# New Toy



## C.L. Boyett (May 5, 2017)

Never used these before. I've already noticed they say 600 RPM max. Any advice or pointers would be appreciated.


----------



## Az Turnings (May 5, 2017)

Don't go over 600 rpm

Reactions: Agree 1 | Funny 11


----------



## Tony (May 5, 2017)



Reactions: Like 1


----------



## C.L. Boyett (May 5, 2017)

Az Turnings said:


> Don't go over 600 rpm


I see a launch coming. 600 is the slowest I can go and my lathe has a tendency to slowly turn itself up. Weekly cleaning prevents this. Hmmm no more lazy I guess.


----------



## Steve Walker (May 5, 2017)

I haven't either, so I'm no help.

Reactions: Like 1


----------



## Az Turnings (May 5, 2017)

C.L. Boyett said:


> I see a launch coming. 600 is the slowest I can go and my lathe has a tendency to slowly turn itself up. Weekly cleaning prevents this. Hmmm no more lazy I guess.
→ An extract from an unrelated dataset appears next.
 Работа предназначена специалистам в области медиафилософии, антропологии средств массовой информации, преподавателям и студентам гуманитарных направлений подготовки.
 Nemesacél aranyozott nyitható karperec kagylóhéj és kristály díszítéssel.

To be totally honest I've gone way over 600, just have to make sure I'm not in the way of the bowl. I usually go at about 900-1000. If you want some advice of speeds may I suggest asking @Nubsnstubs

Reactions: Thank You! 1 | Agree 1 | Funny 3


----------



## Steve Walker (May 5, 2017)

I will add this.... keep the tail stock up to the piece as long as possible, then your automatic variable speed becomes less of an issue.
Turn the bottom down to the profile you want, all the way in to the live center, then chisel and sand the nub away. There is more torque applied out at the edge of the bottom than in towards the center, so I suppose it's possible that you may be able to turn the nub away.......wear body armor as a precaution.

Reactions: Like 1 | Agree 6


----------



## DKMD (May 5, 2017)

I've used the somewhat larger Vicmarc version, and I personally consider the 'speed limit' to be a bit on the conservative side. Rim design comes into play when gripping a bowl in compression or expansion, so keep that in mind. You can also turn your own grippers to replace the ones that come with the jaws of you want something different.
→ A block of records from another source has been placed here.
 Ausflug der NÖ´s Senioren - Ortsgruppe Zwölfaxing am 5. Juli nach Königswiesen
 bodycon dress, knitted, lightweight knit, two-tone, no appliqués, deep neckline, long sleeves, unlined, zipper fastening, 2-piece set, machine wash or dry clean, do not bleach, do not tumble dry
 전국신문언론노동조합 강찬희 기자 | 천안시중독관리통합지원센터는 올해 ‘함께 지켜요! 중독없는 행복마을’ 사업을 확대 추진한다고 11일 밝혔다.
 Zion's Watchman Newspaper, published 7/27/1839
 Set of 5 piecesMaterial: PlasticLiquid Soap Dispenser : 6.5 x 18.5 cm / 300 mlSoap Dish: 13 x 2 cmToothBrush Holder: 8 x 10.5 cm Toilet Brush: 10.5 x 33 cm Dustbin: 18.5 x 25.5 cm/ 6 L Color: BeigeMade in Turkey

Reactions: Like 1 | Agree 3


----------



## Lou Currier (May 5, 2017)

SHARP TOOLS! Light cuts.

Reactions: Like 2 | Agree 3


----------



## woodtickgreg (May 5, 2017)

Like the others have said, use the tailstock. I have a set and i like them.

Reactions: Like 2 | Agree 1


----------



## C.L. Boyett (May 5, 2017)

Steve Walker said:


> I haven't either, so I'm no help.


I'm sure it'll be fun.


Az Turnings said:


> To be totally honest I've gone way over 600, just have to make sure I'm not in the way of the bowl. I usually go at about 900-1000. If you want some advice of speeds may I suggest asking @Nubsnstubs


 There was no problems with them. Like Lou said, light cuts. The main reason I purchased them was to repair this bowl that the tennon broke off of and launched. It was a success. I can also tidy up my bottoms now. That didn't sound right. Lol

Reactions: Funny 8


----------



## Schroedc (May 5, 2017)

Put a piece of tape over the warning and move on 



Seriously though, it's all been said, keep the tailstock up as long as possible, sharp tools, light cuts.
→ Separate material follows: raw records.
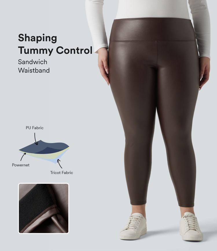 Plus Size High Waisted Tummy Control Stretchy PU Fleece 7/8 Skinny Casual Leggings with Pockets
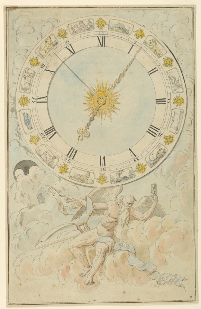 Drawing, Clock face with the signs of the zodiac; Attributed to Louis-Félix de La Rue; France; pen and black ink, brush and watercolor, graphite on paper; 39.3 × 25.4 cm (15 1/2 in. × 10 in.); Purchased for the Museum by the Advisory Council; 1911-28-126
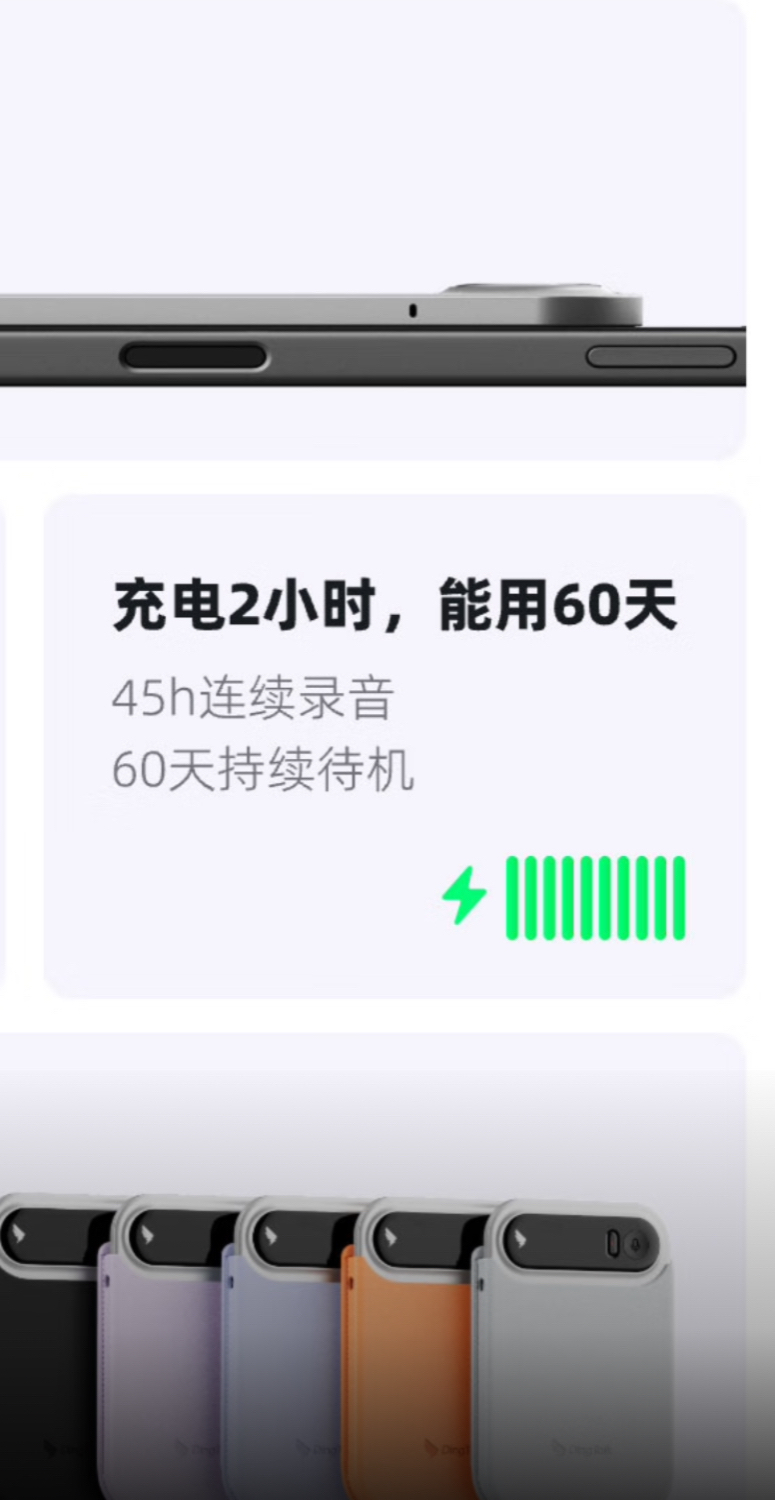 官方数据显示,钉钉A1内置660mAh大容量电池,搭配6nm超低功耗AI音频处理芯片,支持60天超长待机,连续录音可达45小时,完全满足日常办公需求。

Reactions: Like 1 | Funny 1


----------



## David Hill (May 9, 2017)

I have different chucks--
I use ones like those (from PSI for those chucks), and the Vicmarc jaws for those chucks, as well as a Longworth for the bigger stuff. Edge shape determines a lot, launches are easy to occur-- if not minding sharp tools & low pressure--using the tailstock is a must. Have started using a tailstock steady ( courtesy of @Nubsnstubs) to help. 
I also tried using long bunjees with the jaws to help secure the bowl with mixed results.

Reactions: Like 1


----------



## C.L. Boyett (May 10, 2017)

David Hill said:


> I have different chucks--
> I use ones like those (from PSI for those chucks), and the Vicmarc jaws for those chucks, as well as a Longworth for the bigger stuff. Edge shape determines a lot, launches are easy to occur-- if not minding sharp tools & low pressure--using the tailstock is a must. Have started using a tailstock steady ( courtesy of @Nubsnstubs) to help.
> I also tried using long bunjees with the jaws to help secure the bowl with mixed results.


I've used them a couple of times with no problems. Definitely have to keep tools sharp. I can see a second or even a third chuck in my future. It's time consuming to switch things around all the time.

Reactions: Agree 1


----------



## Nubsnstubs (May 11, 2017)

David Hill said:


> I have different chucks--
> I use ones like those (from PSI for those chucks), and the Vicmarc jaws for those chucks, as well as a Longworth for the bigger stuff. Edge shape determines a lot, launches are easy to occur-- if not minding sharp tools & low pressure--using the tailstock is a must. Have started using a tailstock steady ( courtesy of @Nubsnstubs) to help.
> I also tried using long bunjees with the jaws to help secure the bowl with mixed results.




Thanks for the plug, David. 

Cameron, if you have seen any of my videos, you should come to realize that the TSS is a better way to finish your forms than using the jaws you posted in the first post. Now, that said, using the jaws in combination with what I use is a 100%+ guarantee you will complete your piece without launching it. Having the ability to work between centers is the right way to go any time, especially at the very end. With that said, it's no guarantee that you won't punch through the bottom. It won't be the fault of the tool. BTDT! .. .............. Jerry (in Tucson)

Reactions: Like 1 | Thank You! 1


----------